IF 3.2 3区 医学 Q1 MEDICINE, GENERAL & INTERNAL Pub Date : 2025-01-01 Epub Date: 2024-09-27 DOI: 10.1007/s11739-024-03767-5
Guido Zavatta, Giovanni Vitale, Maria Cristina Morelli, Paolo Pianta, Laura Turco, Federica Mirici Cappa, Matteo Ravaioli, Matteo Cescon, Fabio Piscaglia, Paola Altieri, Uberto Pagotto

Liver transplantation (LT) has historically been associated with a high prevalence of osteoporosis, but most of the available data date back to late 1990s-early 2000s with limited sample size. Our aim was to assess the prevalence of bone fragility fractures and contributing factors in a large modern cohort of liver transplant recipients. Retrospective study of 429 consecutive patients receiving liver transplantation from 1/1/2010 to 31/12/2015. Final cohort included 366 patients. Electronic radiological images (lateral views of spine X-rays or Scout CT abdominal scans) performed within 6 months from LT, were blinded reviewed to screen for morphometric vertebral fractures. Symptomatic clinical fragility fractures were recorded from the medical records. Patients with fragility fractures in the cohort were 155/366 (42.3%), with no significant differences between sexes. Most sustained vertebral fractures (145/155, 93.5%), mild or moderate wedges, with severe fractures more frequently observed in women. Multiple vertebral fractures were common (41.3%). Fracture rates were similar across different etiologies of cirrhosis and independent of diabetes or glucocorticoids exposure. Kidney function was significantly worse in women with fractures. Independently of age, sex, alcohol use, eGFR, and etiology of liver disease, low BMI was significantly associated with an increased risk for fractures (adjusted OR 1.058, 95%CI 1.001-1.118, P = 0.046). Our study shows a considerable fracture burden in a large and modern cohort of liver transplant recipients. Given the very high prevalence of bone fractures, a metabolic bone disease screening should be implemented in patients awaiting liver transplantation.
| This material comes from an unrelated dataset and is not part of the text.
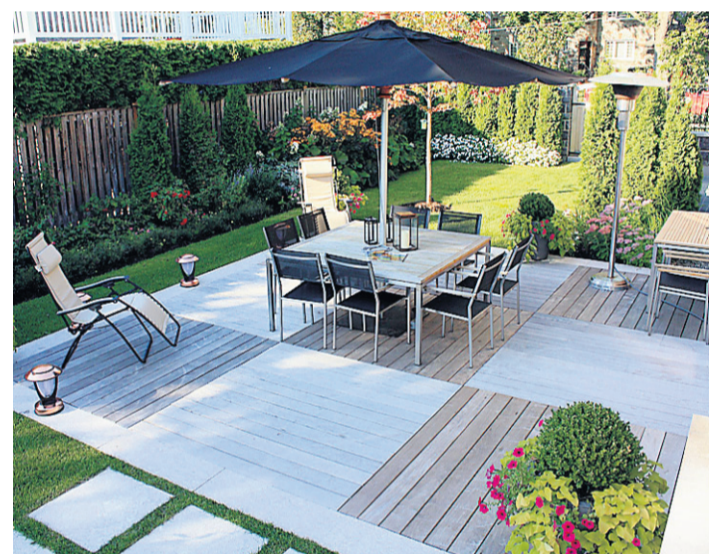
Prix Milan Havlin 2009 pour le projet Confort et élégance: coin repas et coin détente font partie du projet primé de Daccord Webster Paysage de Montréal.

Voyez plus de photos des jardins sur cyberpresse.ca/paysagistes

肝移植(LT)历来与骨质疏松症的高发病率有关,但大多数现有数据可追溯到 20 世纪 90 年代末至 21 世纪初,且样本量有限。我们的目的是评估现代大型肝移植受者队列中骨质脆性骨折的发生率和诱因。我们对2010年1月1日至2015年12月31日期间连续接受肝移植的429名患者进行了回顾性研究。最终队列包括 366 名患者。对肝移植术后6个月内进行的电子放射影像(脊柱X光侧视图或扫描CT腹部扫描)进行盲法复查,以筛查椎体形态骨折。病历中记录了有症状的临床脆性骨折。队列中发生脆性骨折的患者有 155/366 人(42.3%),男女之间无明显差异。大多数持续性椎体骨折(145/155,93.5%)为轻度或中度楔形骨折,重度骨折多见于女性。多处椎体骨折很常见(41.3%)。不同病因导致的肝硬化骨折率相似,且与糖尿病或糖皮质激素暴露无关。骨折妇女的肾功能明显较差。与年龄、性别、酗酒、eGFR 和肝病病因无关,低体重指数与骨折风险增加有显著相关性(调整后 OR 1.058,95%CI 1.001-1.118,P = 0.046)。我们的研究表明,在一个庞大的现代肝移植受者队列中,骨折负担相当沉重。鉴于骨折的发病率非常高,应该对等待肝移植的患者进行代谢性骨病筛查。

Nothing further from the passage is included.